It starts with you - a technical leader whos passionate about building resilient, automated infrastructure and growing high-performing teams. You care about operational excellence, developer experience, and enabling AI-driven teams to move fast with confidence. Youll lead the DevOps team in architecting and operating the compute and networking infrastructure that powers our AI platform - from CI/CD pipelines to Kubernetes clusters to observability systems.
If you want to lead a team that builds the infrastructure foundation for mission-critical AI systems, join mission - this role is for you.
:Responsibilities
Lead and grow the DevOps team - hiring, mentoring, and developing engineers while fostering a culture of ownership and continuous improvement.
Define compute and networking infrastructure strategy across cloud and on-prem environments; drive architectural decisions that balance reliability, security, cost, and velocity.
Own the platforms deployment, scaling, and operational posture - ensuring systems meet demanding SLAs for government and national-scale customers.

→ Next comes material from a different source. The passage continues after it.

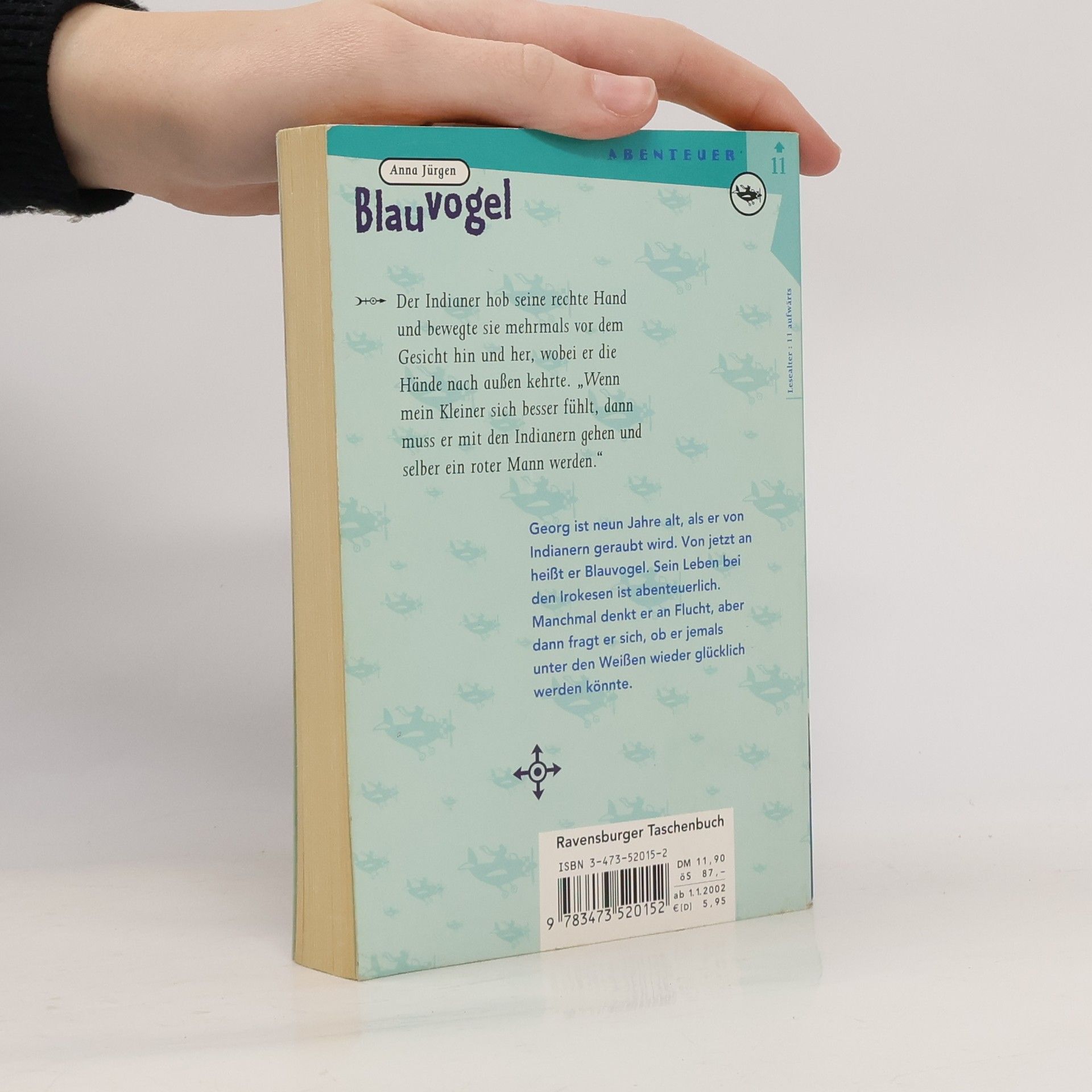 George, Sohn weißer Siedler, wird von Indianern entführt und lebt fortan beim Stamm der Irokesen. Nordamerika, 1755: Engländer und Franzosen kämpfen verbissen um Indianerland. Dabei wird der neunjährige George vom Stamm der Irokesen gefangen genommen und von einer Indianerfamilie anstelle ihres verstorbenen Sohnes angenommen. Einsamkeit und Fremdheit umgeben ihn; er denkt nur an Flucht. Deshalb braucht George lange, ehe er seinen neuen Namen, Blauvogel, wirklich annehmen kann. Und doch lernt er Liebe und Achtung, Geborgenheit, Stolz und Treue erst unter den Irokesen kennen.

Build and evolve CI/CD pipelines for application and service deployments with automated testing, security scanning, and rollback capabilities.
Drive infrastructure-as-code practices for compute, networking, and orchestration - ensuring reproducible, auditable, and version-controlled infrastructure across all environments.
Enable AI-native operations - support agentic deployment pipelines, self-healing infrastructure, and secure sandboxing for model experimentation.
Establish observability, alerting, and incident response practices that provide visibility into system health and enable fast recovery.
Partner with Engineering, Data Platform, Data Engineering, and Security teams to align infrastructure capabilities with platform needs.
Establish infrastructure characteristics (availability, latency, throughput) that enable data freshness, correctness, and low-latency pathways for AI training/inference, retrieval, and agentic workflows.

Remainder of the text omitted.